Setting up the tunnel with HE was painless. You just configure a simple 6in4 (gif on BSD / sit on Linux) tunnel from your IPv4 to the endpoint they provide to you and your are done!

In the meantime we also configured the IPv6 prefix that we received from our ISP. I used ndppd, an NDP proxy daemon, so that our ISP modem believes that the IPv6 hosts are located on the same link and not one or more hop away (as they really are indeed, there is an intermediate router between our LAN and the modem). So we don’t need SixXS anymore which is great!

IPv6 representation in NSD

I use NSD as my authoritative DNS. Today I made a mistake while entering new AAAA records. Actually it was a bug in one of the scripts we use to manage our zones. Take the following representation, 2001:aaaa:bbbb:cccc::1111:2222:3333:4444, it is not a valid representation for an IPv6 address. According to the RFC4291, the double-colon symbol (::) indicates one or more groups of 16 bits of zeros. Since 8 groups of 16 bits are explicitly written in the preceding representation, the 128 bits of the IPv6 address are already detailed so there can be no extra group of zeros. The reason I made this mistake is that if you often work with /48 prefixes and you don’t care about your 65k subnets, all your IPv6 addresses will have zeros between the prefix and the interface ID.
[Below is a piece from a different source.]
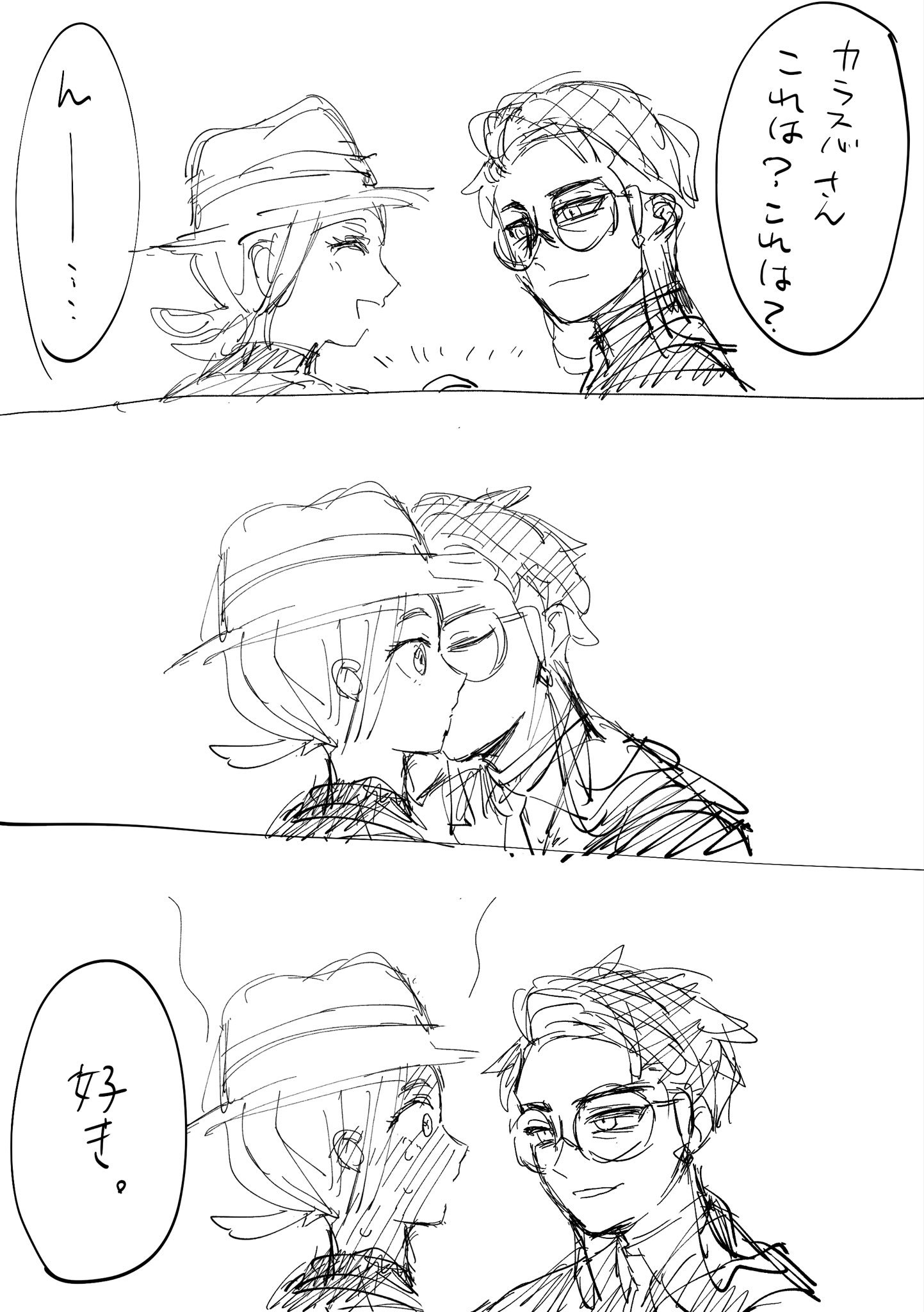 >>58466237He smells cologne on them one day and can't say anything but you can tell something's off with him. Or maybe it's right after the night that Corbeau stays.

Most programs will detect this as invalid, probably because they use inet_pton() to translate the address into its binary representation. Some others, such as ipv6calc parse the address manually and do not consider this as a buggy representation. In the latter case, the group is considered empty, and the double-colon implicitly translated to a single colon.

If you use this kind of invalid representation in a AAAA record, NSD will not reload your zone correctly, but on the other hand, neither will it complain and the queries will be made on a database that still contains your old zone. Of course this would not happen if you used nsd-checkzone to check your zone before reloading it.